*Collected data*.
──────

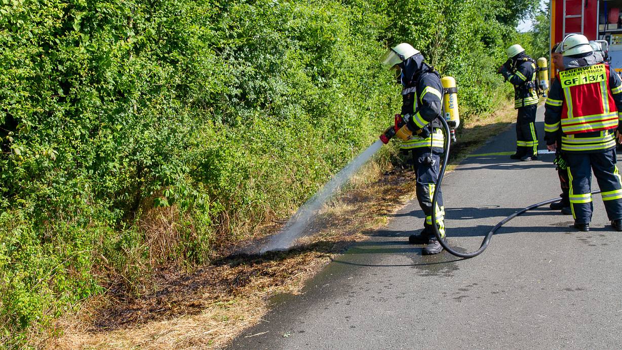 Am Samstag wurden Polizei und Feuerwehr am Nachmittag zu einem erneuten Heuballen-Brand nach Holzhausen zum Vogelparadies gerufen. Alle Brände konnten durch die Feuerwehr schnell bekämpft werden, ein Übergreifen auf Häuser konnte in Neesen und Barkhausen verhindert werden.
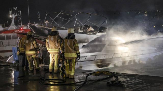 اندلع حريق كبير في قارب راسي على شاطئ منطقة بشيكتاش في مدينة إسطنبول غرب تركيا .
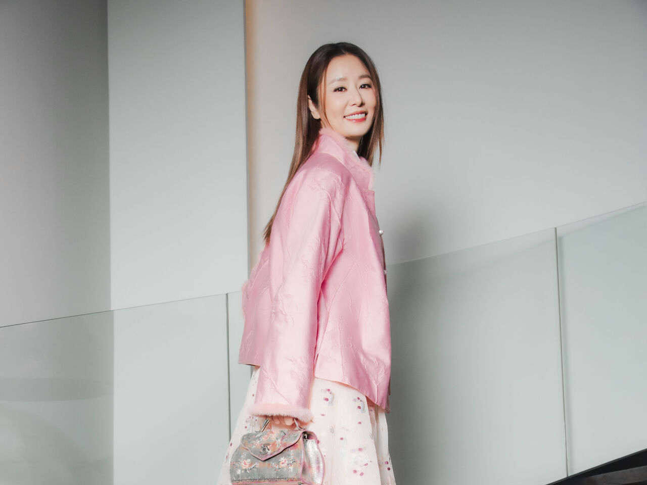 本次林心如穿搭主打粉色立領緹花棉襖外套,結合貂毛立領與玉石釦細節,以中式線裝書為靈感,復刻中式年節穿著記憶,搭配綻放東方花卉的開版緹花長裙,以優雅柔美姿態展現新春氛圍。鞋履則以銀白色短靴搭配中跟設計,營造出洗鍊俐落的姿態,兼具過年走春的實穿性與儀式感。手上搭配的是銀灰色刺繡手提包,整體造型融合東方古典與現代女性姿態,呼應品牌此次以「記憶」為主題的設計理念。

──────

*Task instructions*. Only the lines from the first line of the listing above through the line with "اندلع حريق كبير" should be set down, exactly and without pictures.

*Written answer*.
 Am Samstag wurden Polizei und Feuerwehr am Nachmittag zu einem erneuten Heuballen-Brand nach Holzhausen zum Vogelparadies gerufen. Alle Brände konnten durch die Feuerwehr schnell bekämpft werden, ein Übergreifen auf Häuser konnte in Neesen und Barkhausen verhindert werden.
 اندلع حريق كبير في قارب راسي على شاطئ منطقة بشيكتاش في مدينة إسطنبول غرب تركيا .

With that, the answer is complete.